Nothing is so certain as the unexpected in politics. President Maithripala Sirisena has finally agreed to nominate his bête noire, Mahinda Rajapaksa, to contest the August 17 polls. Both of them have made compromises; the former said he would never field Rajapaksa on the UPFA ticket and the latter spared no pains to be named the UPFA’s prime ministerial candidate. Now, it has been left to the UPFA parliamentary group to decide who should be the Prime Minister in case of an SLFP-led government being formed.
Rajapaksa underestimated Sirisena before the last presidential election and lost the presidency. Thereafter, the latter made the mistake of trying to write off the former and was faced with the prospect of the SLFP losing the next election. Obviously, there is no love lost between the two leaders and they have had to bury the hatchet for their mutual survival. What we have just witnessed is another political marriage of convenience.
President Sirisena has vowed that he won’t allow the post Jan. 08 ‘revolutionary process’ to be reversed under any circumstances. But, this is plain rhetoric. Those who backed him in the presidential race are furious. They feel betrayed. Some of them like the JHU have already broken ranks with the UPFA in protest. The UNP hoped for a cakewalk next month owing to the SLFP’s internal problems which it expected to culminate in a disastrous split. But, now, it has its work cut out. Its consternation is understandable.
It has been Hobson’s choice for President Sirisena. He is in the current predicament because he took over the SLFP leadership. Some political observers argue that he could have avoided this situation if he had remained neutral after winning the presidency as the common candidate. But, unless he had taken control of the SLFP he would have had to dissolve Parliament immediately after the Jan. 08 presidential election or put up with a hostile SLFP-led government without the UNP being able to enjoy the fruits of its labour; he wouldn’t have been able to appoint UNP Leader Ranil Wickremesinghe Prime Minister and implement the 100-day programme.
However, upon taking over the SLFP, the onus fell on President Sirisena to protect its politico-electoral interests. He was faced with the seemingly impossible task of enabling the SLFP which he had been instrumental in defeating last January, to win next month without Rajapaksa, who won most of the electorates in areas other than the North and the East. He knew there would be hell to pay if he denied Rajapaksa nomination thereby causing the party to lose again due to a split; he would even face a revolt within the party in such an eventuality. Rajapaksa, too, realised that it was well nigh impossible to win a general election without an undivided SLFP solidly behind him.
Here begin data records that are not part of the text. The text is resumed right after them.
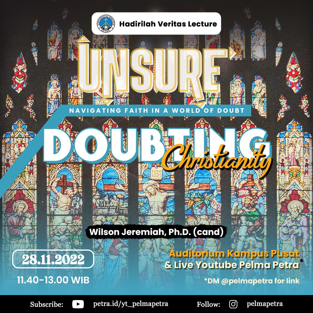 Pada tanggal 28 November 2022 jam 11.30 - 13.00 WIB, bertempat di Auditorium Kampus Pusat UK Petra diadakan kebaktian Veritas Lecture dengan topik "Unsure Doubting Christianity". Dengan menghadirkan Wilson Jeremiah, Ph.D (cand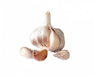 Keywords: garlic bulb clove cloves skin close-up details isolated white background vegetable culinary ingredient food edible
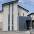 白にブルーグレーの縦ラインがクールなイメージの外観です。 淡いトーンでまとめた室内は明るいのに落ち着いていて、工夫を凝らした収納によってさらにゆったりと感じられます。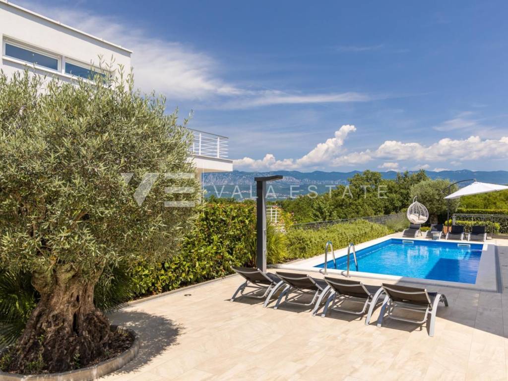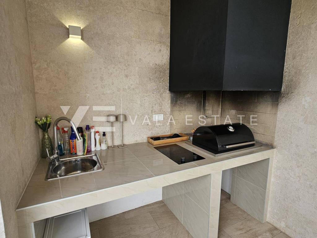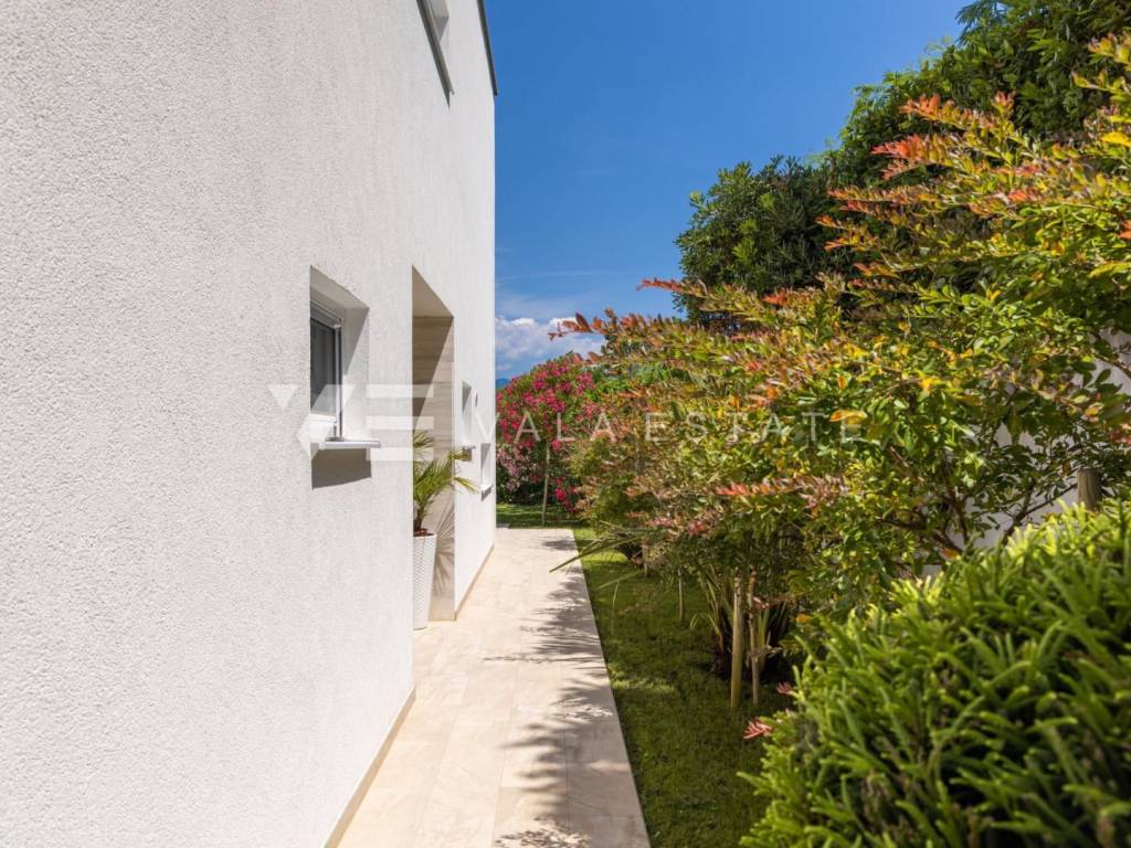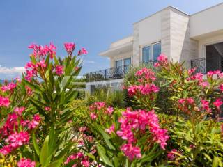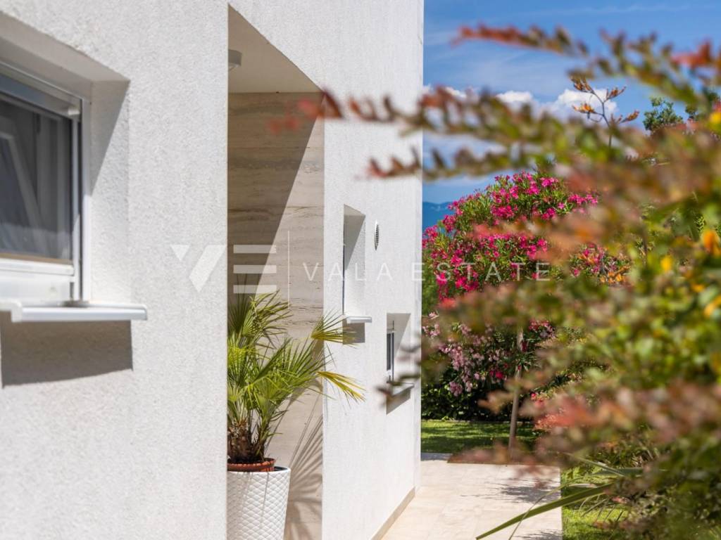 Real estate island of Krk, Soline bay - modern luxury villa for sale with heated pool, whirlpool, sauna and beautiful sea view in a beautiful quiet environment only 250 m from the beach. It occupies 220 m2 of living space spread over two floors. On the ground floor there is a spacious, beautifully decorated living room, kitchen and dining room, one bedroom with private bathroom and infrared sauna and an open lobby with Jacuzzi. On the first floor there are three more fully equipped bedrooms, each with its own private bathroom and a beautiful terrace with panoramic sea views. On the plot of 449 m2 there are several terraces with sea view, a private heated pool with outdoor shower, a sunbathing area, a summer kitchen, a barbecue and a beautifully landscaped green garden consisting of typical Mediterranean vegetation and old olive trees. The property is built with top quality materials and equipment, high-quality floor coverings, it has six inverter air conditioners and underfloor heating in the bathrooms, solar heating of sanitary water, video intercom and alarm system. It is fully furnished with modern furniture and equipped with top-of-the-line appliances and is being sold as such. A unique property worthy of attention that creates a real sense of luxury and a relaxing vacation.
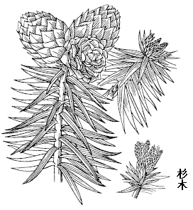 杉木 常绿乔木,高达30m,胸围达2.5-3m。幼树树冠尖塔形,大树树冠圆锥形。树皮灰褐色,裂成长条片脱落。大枝平展,小枝近对生或轮生。叶在主枝上辐射伸展,在侧枝上排成二列状,条状披针形,革质,微弯,坚硬,长2-6cm,边缘有细齿,上面中脉两侧有窄气孔带、下面沿中脉两侧各有1条白粉气孔带。雌雄同株;雄球花圆锥状,簇生枝顶;雌球花单生或2-4个集生枝顶,卵圆形,苞鳞与珠鳞结合而生,珠鳞先端3裂,腹面具3胚珠。球果近球形或卵圆形,长2.5-5m,径3-4cm,苞鳞三角状宽卵形,宿存。种子长卵形,扁平,长6-8mm,宽约5mm,暗褐色,两侧有窄翅。花期4月,球果10月下旬成熟。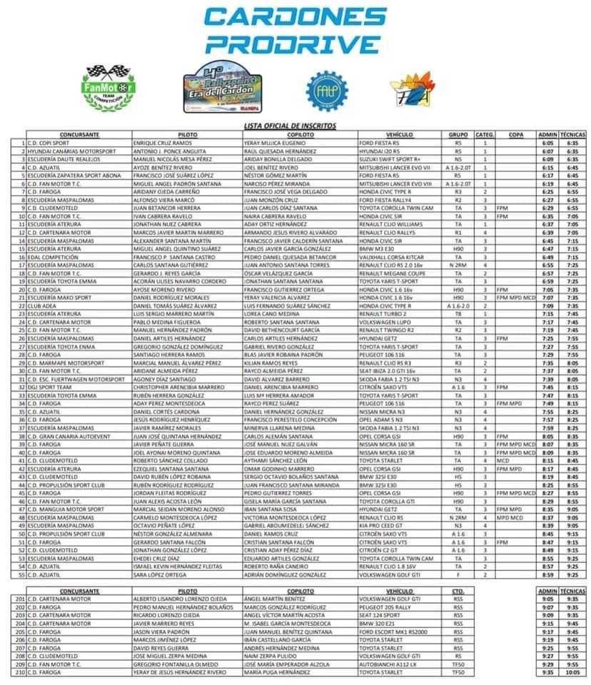 Publicamos la lista de inscritos del Rallysprint Era del Cardón, cita del Campeonato de Canarias de Rallysprint, siendo el número 1 para Enrique Cruz (Ford Fiesta R5).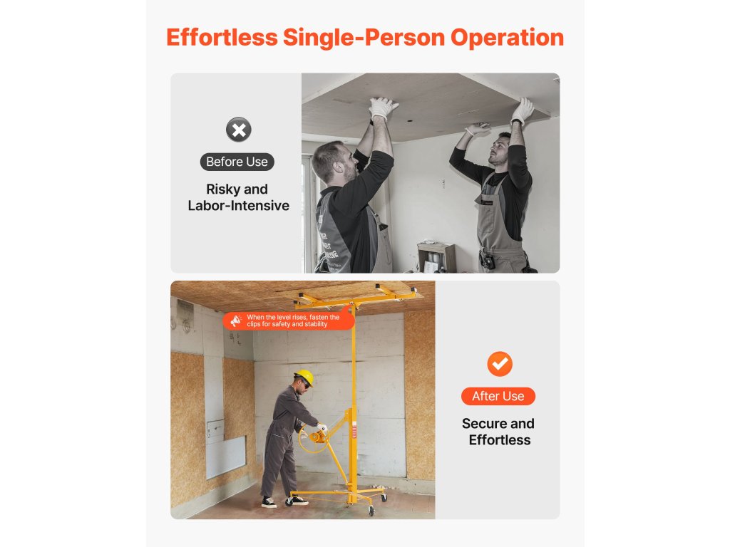 Ez az emelő könnyedén kezeli a különböző anyagokat, beleértve a gipszkartont, a fapaneleket, a fémlemezeket, a PVC-lemezeket és még sok más anyagot, kielégítve a különféle felújítási igényeket.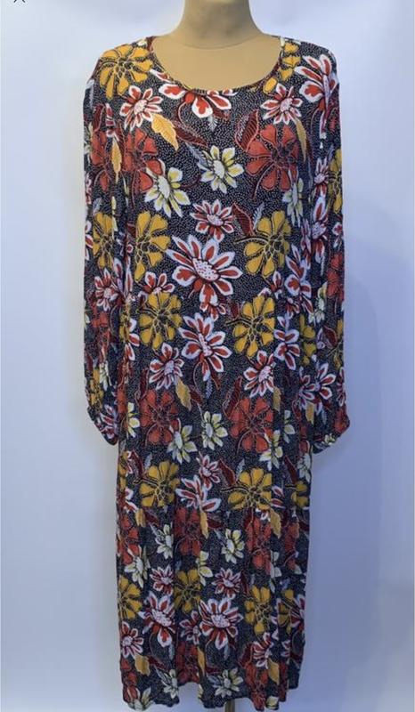 🌿🌿🌿Все цены установлены с учетом курса 15% торговой площадки «Шафа»🌿 ❗️❗️❗️ ❗️❗️❗️Покупая вещи в моей лавке вы подключаетесь к финансовой поддержке ЗСУ🇺🇦🇺🇦🇺🇦 Решительные действия вперед к победе🕊🕊🕊 Платье из ткани-жатки в яркаих цветах и мелкие пятнышки на черной основе,новое состояние, отрезное по талии, по низу широкая рюша, нежная по низу на резинке, очень современная и практичная в носке,размер указан 20/48, в сравнении с замерами👇👇👇 ✅По плечам 45 см ✅Пог 64 см тянется до 70 см ✅Пот 60 см ✅Поб 80 см ✅Длина 119 см,до шва 42 см ✅Рукав от шва 69 см, ширина по бицепсу 22 см Арт 4058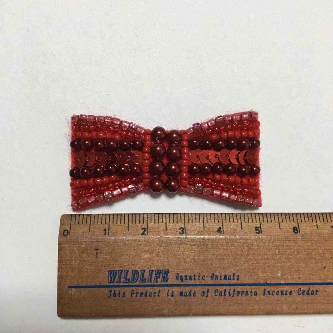 様々な種類の赤いガラスビーズやスパンコールなどを、一粒一粒丁寧に刺繍しています

This is not the first time adversity has made strange bedfellows. The TNA and the pro-LTTE groups operating overseas had no qualms about backing former war winning army commander Gen. Sarath Fonseka in the presidential fray in 2010 while accusing him and the army of war crimes. Fonseka famously declared that he wouldn’t hesitate to forge an alliance even with the devil’s grandmother to defeat Mahinda Rajapaksa.
The JVP joined forces with the UNP both in 2010 and 2015 despite the heinous crimes they committed against each other in the late 1980s. The JHU chose to make common cause with the TNA, which it had earlier condemned as Tiger proxies, to defeat Rajapaksa last January. The SLMC representing the Muslims who bore the brunt of the LTTE’s genocidal violence joined, in 2010 and 2015, the same alliance as the TNA against Rajapaksa. During President Chandrika Kumaratunga’s tenure an all-out attempt was made to destroy the then Opposition Leader Ranil Wickremesinghe politically through a special presidential commission. And, the latter as the Prime Minister undermined her from 2001 to 2004 and had his government sacked for ruffling her feathers. But, today, they are best of friends!
Expediency takes precedence over principles in politics where there are neither permanent friends nor permanent enemies.
The cobra and the mongoose are considered arch-enemies in the animal kingdom, but, even they, when caught up in swirling floodwaters, cling on to the same log and stay afloat, as someone has said.